Не было бы заботливых дочерей, сюжет сих историй был бы совсем иным. Своей любящей заботой, своими неизбывными надеждами они продлевают своим матерям жизни, жизни в зависимости, поскольку иной жизни у них нет.
Перефразируя фразу Д. Быкова о роли тюрьмы в советской семье, скажу, что зависимость и созависимость – главные скрепы постсоветской семьи.
Пришло время поговорить о программе снижения вреда с образовательной целью.
Глава II
Стратегия снижения вреда
– Я бы не возражал, сэр, если бы вы снабдили меня чем-то для самозащиты…
Если бы взяли для меня револьвер из арсенала….
– Даже не думай. А по поводу команды я буду решать сам.
Одри полирует ногти и смотрит на них.
– Возможно, все будет как раз наоборот, сэр.
У. Берроуз.
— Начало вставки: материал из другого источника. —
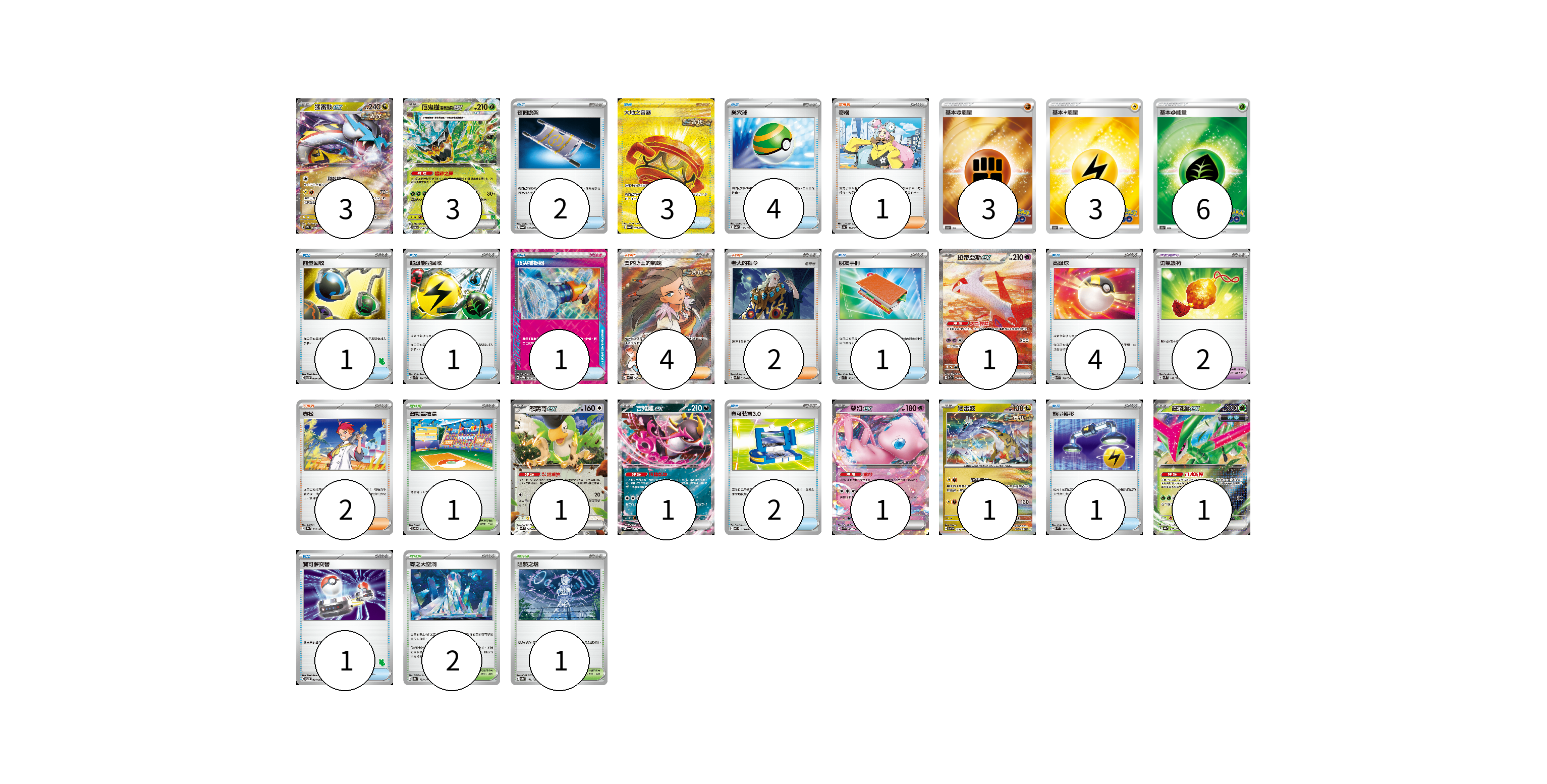 牌組構築方案 以此牌組為基礎新構築牌組 顯示卡面 顯示列表 寶可夢卡(12) 3 3 1 1 1 1 1 1 寶可夢道具(2) 2 物品卡(21) 2 3 4 1 1 1 1 4 2 1 1 支援者卡(9) 1 4 2 2 競技場卡(4) 1 2 1 能量卡(12) 3 3 6 寶可夢卡(12) 卡牌名稱 張數 卡牌名稱 張數 猛雷鼓ex SV5K 053/071 03 厄鬼椪 碧草面具ex SV6 016/101 03 拉帝亞斯ex SV7a 087/064 01 怒鸚哥ex SVK 006/042 01 吉雉雞ex SV6a 038/064 01 夢幻ex SVK 001/042 01 猛雷鼓 SV7 075/102 01 鐵斑葉ex SV8a 016/187 01 寶可夢道具(2) 卡牌名稱 張數 卡牌名稱 張數 勇氣護符 SVM 142/175 02 物品卡(21) 卡牌名稱 張數 卡牌名稱 張數 夜間擔架 SV6a 056/064 02 大地之容器 SV6a 093/064 03 巢穴球 SV4a 159/190 04 能量回收 SVI 049/066 01 超級能量回收 SVK 010/042 01 頂尖捕捉器 SV5M 062/071 01 朋友手冊 SV1S 069/078 01 高級球 SVK 018/042 04 寶可裝置3.0 SVEL 014/020 02 能量轉移 SVM 127/175 01 寶可夢交替 SVI 054/066 01 支援者卡(9) 卡牌名稱 張數 卡牌名稱 張數 奇樹 SV4a 174/190 01 奧琳博士的氣魄 SV4K 085/066 04 老大的指令 SVK 036/042 02 赤松 SV8a 163/187 02 競技場卡(4) 卡牌名稱 張數 卡牌名稱 張數 激動競技場 SV8 105/106 01 零之大空洞 SV8a 182/187 02 阻礙之塔 SV8a 181/187 01 能量卡(12) 卡牌名稱 張數 卡牌名稱 張數 基本鬥能量 S10b FIG 03 基本雷能量 S10b LIG 03 基本草能量 S10b GRA 06 以此牌組為基礎新構築牌組 牌組編碼 rFAQpj-yAhJeK-jDhFuv copy 列印牌組單 牌組編碼已複製 分享至SNS

Пристань святых
Теоретическая часть
Мне нужен какой-то свет,
чтобы видеть хотя бы сны.
Земфира
Стратегия, подход, программа (можно называть по-разному) снижения вреда, Harm reduction (HR), родилась на Западе в ответ на угрозу распространения ВИЧ-инфекции. Название стратегии достаточно красноречиво говорит само за себя. Даже не имея о ней никаких представлений, можно попытаться построить вполне определенные предположения о ее сути. Поскольку данная стратегия вызывала и вызывала бы по-прежнему массу дискуссий, если бы не неожиданные более актуальные и поистине глобальные проблемы, связанные с другой инфекцией (я имею в виду Corona virus и вызываемый им Covid-19), мне представляется любопытным предложить вам сделать свои предположения относительно того, какими средствами можно было бы остановить распространение ВИЧ-инфекции и ее развитие в СПИД у нас в стране и во всем мире. Моя просьба оправданна тем, что стратегия HR предлагает принципы, а конкретное содержание помощи формируется, исходя из задач конкретного случая.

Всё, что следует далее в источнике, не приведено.